I played out a skill-based diplomacy challenge this weekend and it went great. :) I had written out a bunch of examples, but I didn't need any. The PCs had to convince a dwarven thane to send troops to their cause (as I mentioned earlier in the thread) and they figured out ways to use their skills to try to convince him. I gave a maybe two minute explanation of how it worked and it played out intuitively in game with lots of role playing and back and forth, with results/reactions being based on the die rolls.

The first person used a Nature check to impress the thane with his knowledge of hobgoblins and their militaristic ways, the second used bluff to convince the thane that the dwarves were in peril from the hobgoblins, there was a failed History check to try and remind the king of the old dwarf/human alliance, and then an Insight check to remind the thane about how his people were warriors with no war. With four successes ans one failure, the thane was convinced enough to send an emissary.

I was kind of worried, but it worked very well.
 


jeremy_dnd said:
Majoru Oakheart -

Since you were one of the few to run this encounter, do you have any other inside information for us? What some of the upfront advice may have been? Were there any predetermined DCs? What did the write up say about the three avenues to complete the goal (Marketplace, Busy Street, etc.)? How much was guided by the adventure, and how much by the players themselves?
I wish I could provide more. I can't though. Maybe later.
 

Nytmare said:
I don't want "I use diplomacy with an easy roll, tell me how I get past the guards."

Nor do I, and this was one of my concerns.

and I don't want "I diplomacize the captain of the guards with a bribe so that he escorts me out of the city and gives me his horse."

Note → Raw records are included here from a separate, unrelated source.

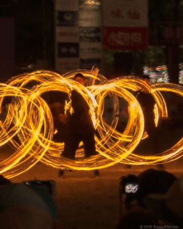 始まると30分ずっとファイヤートーチを行っているので、撮影していてもボリュームがありとても楽しかったです。
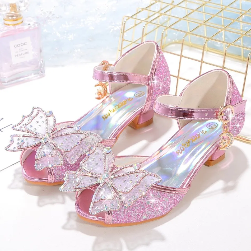 Особенности: модные блестящие сандалии с бантом; Низкий каблук; Обувь без застежки; Мягкая стелька; Удобная обувь на застежке-липучке
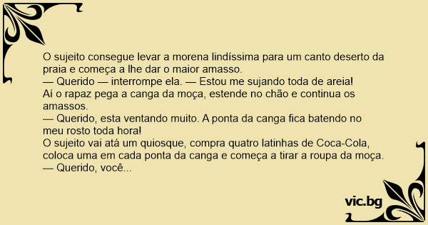 O sujeito vai atá um quiosque, compra quatro latinhas de Coca-Cola, coloca uma em cada ponta da canga e começa a tirar a roupa da moça.

This I can handle with a "how much are you offering" and setting the DC appropriately high. My disconnect with this approach is, what is the result of failure? If the PC wants to do this, and scores a really high roll, but not quite enough to make it, what is the baseline result? Utter failure and the guard clubs yous ("it was going so well until you said you wanted his horse, too!") or particial success ("there is no way the guard is giving you his horse, but he will help you get out og the city").

D'karr said:
In our specific game, we did not choose easy, medium or hard. We did not know the difference. We described what our characters wanted to do and consulted with the DM if we could. HE DECIDED whether the action was appropriate and advanced us towards the goal. HE DECIDED whether the specific skill use was appropriate or not. And finally HE DECIDED what the difficulty of the action would be based on what the action was, not the other way around.

<SNIP>

I don't really know where this notion, that the players somehow "magically" shaped the environment to something that it was not, comes from. The descriptions the players used were appropriate for the description of the setting they were given. This whole interaction occured without a map. It was all based on DM description.

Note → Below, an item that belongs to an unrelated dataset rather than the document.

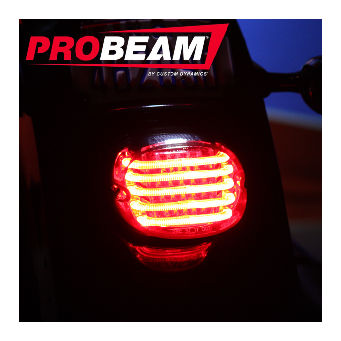 ProBEAM® LED Taillights have been engineered with the highest quality automotive LEDs and modern light pipe design! Custom Dynamics® premium line of aftermarket LED motorcycle taillights provides increased side visibility to maximize safety for Harley-Davidson® motorcycles. 5 light pipes illuminate across the taillight as the constant on running light, while 25 separate LEDs provide a full contrast brake light. All options are DOT/SAE Compliant. Red lens option with No Window or Top Window is ECE Compliant. Smoked lens option with Top Window is ECE Compliant.

I believe this notion is coming from people reporting having a completely different experience than you did, and having DMs ask them if they were rolling Easy, Medium, or Hard DCs. I could be mistaken on that, but easlier posts sounded like the players were declaring that, not the DM.

If the players are saying "I want to do X" and I, as the DM, decide the difficulty of the DC, they make the roll, and I describe the out come, that is fine with me. That is a skill system I would use out of the box without isssue (and it's pretty much what goes on now...they say what they want to do, and I judge how hard it is and set a DC).

A "I want to make an easy diplomacy check...what happens?" approach is definitely a lot more than I want to deal with because I need to come up with the scenerio that creates the easy DC, describe what the PC is doing, and the end results of the failed or successful attempt. That's more than I want to deal with on every skill check!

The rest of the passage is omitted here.